The degree of d- splitting is observed from the intensity of colour. The order of d splitting from least to greatest is H2O<en<phen. Phen shows the greatest d-splitting. The degree of splitting of d- orbitals by ligands depends on their relative positions in the spectrochemical series. The spectrochemical series is an experimentally determined series. The series separates the ligands into strong field and weak field ligands. Strong field ligands are found towards the end of the series. Strong field ligands such as en and phen can participate in metal to ligand or ligand to metal pi-bonding. Hence they cause more d-splitting. Ethylendiamine and phenanthroline occur towards the end of the spectrochemical series hence the higher order of d-splitting.

The d-splitting for each ligand is as follows:

H2O (weak field ligand): smallest d-splitting

en (stronger field ligand): medium d-splitting

phen (strongest field ligand): largest d-splitting

The complexes from least to greatest d-splitting are as follows:

[Co(H2O)6]3+

[Co(en)3]3+

[Co(phen)3]3+

The reason for this ordering is that stronger field ligands cause a larger d-splitting. This is because stronger field ligands interact more strongly with the metal's d orbitals, which splits the d orbitals into two sets of orbitals with different energies.

The d-splitting of a transition metal complex is the energy difference between the two sets of d orbitals that are split by the ligand field. The magnitude of the d-splitting depends on the strength of the ligand field. Stronger field ligands cause a larger d-splitting.

The following table shows the spectrochemical series of ligands, which is a ranking of ligands from weakest to strongest field:

| Ligand | Spectrochemical series |

|---|---|---|

| H2O | Weak field |

| en | Medium field |

| phen | Strong field |

Based on the spectrochemical series, we can predict that the d-splitting for each ligand is as follows:

H2O (weak field ligand): smallest d-splitting

en (stronger field ligand): medium d-splitting

phen (strongest field ligand): largest d-splitting

The following table shows the expected d-splitting of the [Co(H2O)6]3+, [Co(en)3]3+, and [Co(phen)3]3+ complexes:

Complex Ligand D-splitting

[Co(H2O)6]3+ H2O Smallest

[Co(en)3]3+ en Medium

[Co(phen)3]3+ phen Largest

The d-splitting of a transition metal complex affects the color of the complex. Complexes with a larger d-splitting absorb higher energy light, which is in the visible region of the spectrum. This is why complexes with strong field ligands tend to be colored.

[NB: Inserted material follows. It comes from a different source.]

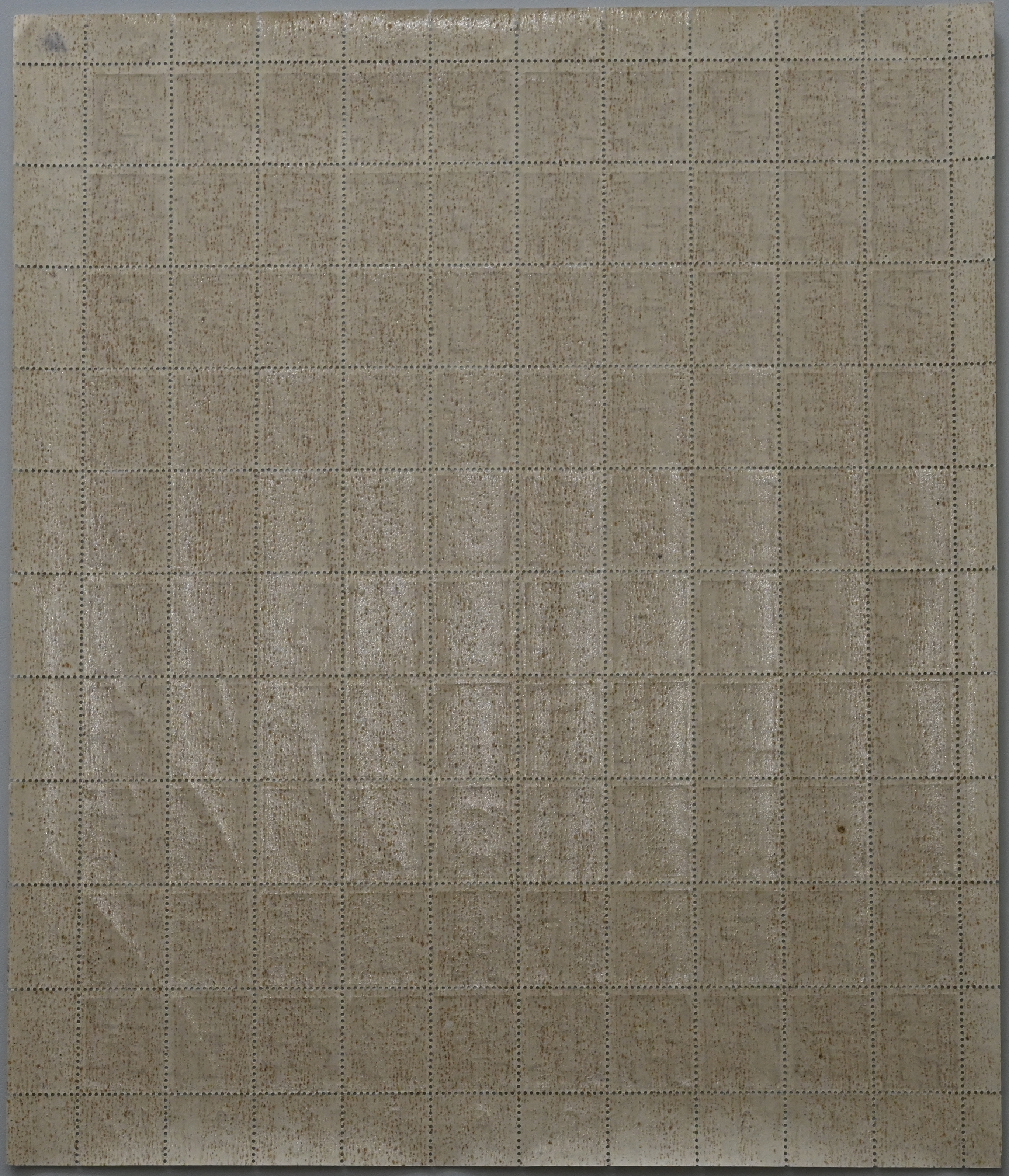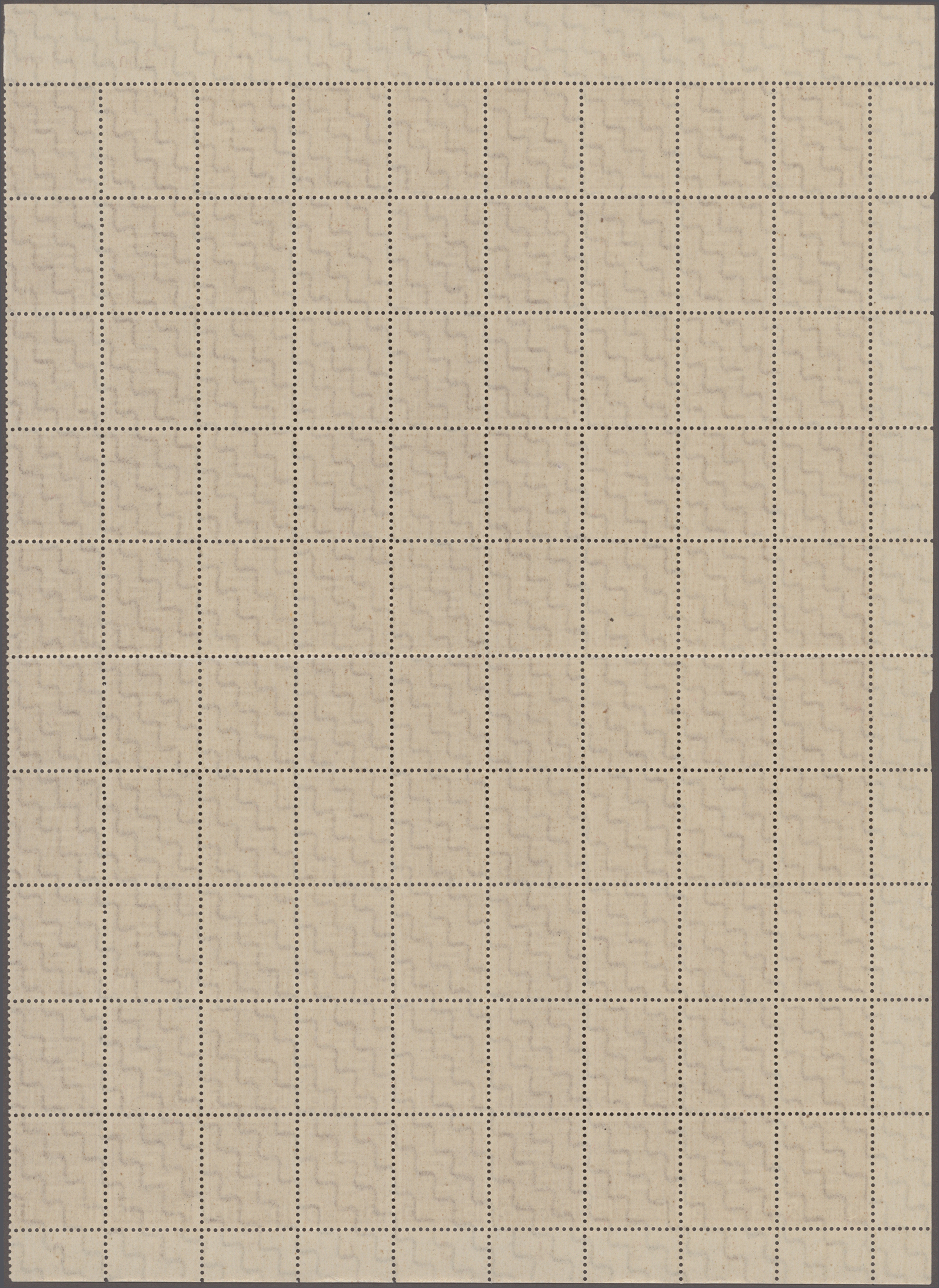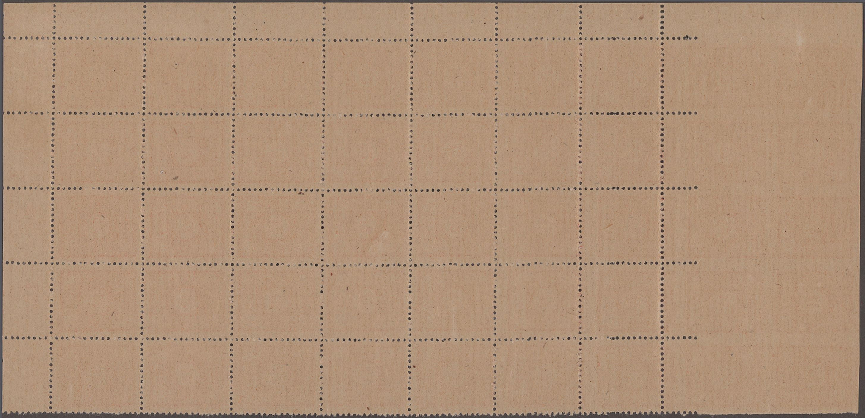Verzähnung, die beiden unteren Reihen (zehn Marken) sind ungezähnt mit teilweise in die senkrechten Zwischenräume hineinragender Zähnung (dadurch senkrecht teilgezähnt), rechts mit sauberer Rißtrennung, postfrisch, unsigniert.

The following table shows the observed colors of the [Co(H2O)6]3+, [Co(en)3]3+, and [Co(phen)3]3+ complexes:

Complex Ligand Color

[Co(H2O)6]3+ H2O Purple

[Co(en)3]3+ en Purple-pink

[Co(phen)3]3+ phen Pink

The observed colors of the complexes are consistent with the predicted d-splitting. The [Co(phen)3]3+ complex has the largest d-splitting and absorbs the highest energy light, which is why it is pink. The [Co(H2O)6]3+ complex has the smallest d-splitting and absorbs the lowest energy light, which is why it is purple.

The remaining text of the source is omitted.